Afghanistan frees young Pakistani suicide bomber

"I didn't know my son was going to carry out a suicide attack in Afghanistan," his father said.

jp.services1 (photo credit: )
jp.services1
(photo credit: )
Calling child suicide bombers a "fearful and terrifying truth," President Hamid Karzai on Sunday freed a 14-year-old Pakistani boy arrested in eastern Afghanistan the night before he planned to kill a provincial governor. Rafiqullah, who goes by one name, told The Associated Press in an interview over the weekend while attending a madrassa, or religious school, in Pakistan he and two other boys were separated from the rest of the students and trained to drive a car and made to watch videos of suicide bombers carrying out attacks.

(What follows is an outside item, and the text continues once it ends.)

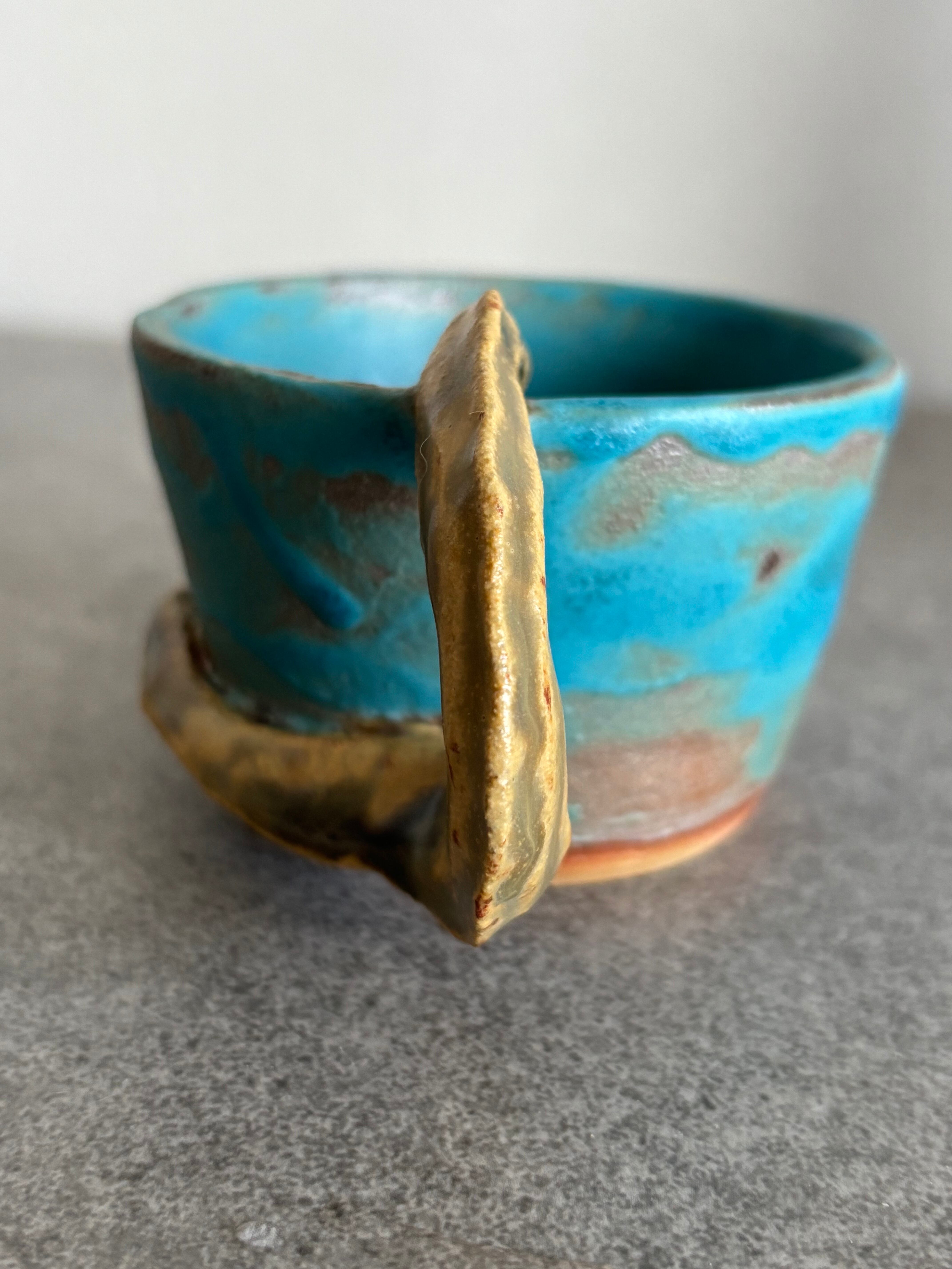 海の生き物シリーズのウツボが取っ手の小ぶりなコーヒーカップ、デミタスカップです。釉薬垂れのハワイアンブルーの釉薬が、海の中にいるウツボを想像させます。ウツボ好きの方にはたまらないデザインで、日常のコーヒータイムを楽しんで下さい。

The teenager said he walked across the Pakistan-Afghanistan border into Khost province, where a man named Abdul Aziz gave him a vest full of explosives. Rafiqullah said he told Aziz he was afraid of carrying out a suicide bombing, and Aziz pointed a gun at him and threatened to kill him if he didn't. Rafiqullah's intended target was the governor of Khost province. "Today we are faced with a fearful and terrifying truth, and that truth is the sending of a Muslim child to carry out a suicide attack," Karzai told reporters at the presidential palace. "(His parents) sent him to study at a madrassa," he said. "The enemy of Islam deceived him and prepared him to carry out a suicide attack to kill himself and other people around him." Afghanistan's intelligence service first showed off Rafiqullah to reporters last week at a news conference also attended by the boy's father, Matiullah. The two shed tears and hugged in front of journalists. The father last week said he asked his son's teachers at the religious school he attends where his boy was, but couldn't get a clear answer. "I didn't know my son was going to carry out a suicide attack in Afghanistan," Matiullah said. Karzai, putting his hand on the boy's shoulder on Sunday, blamed those who tried to get him to carry out the attack: "He is not guilty ... I forgive him and I wish him the best of luck."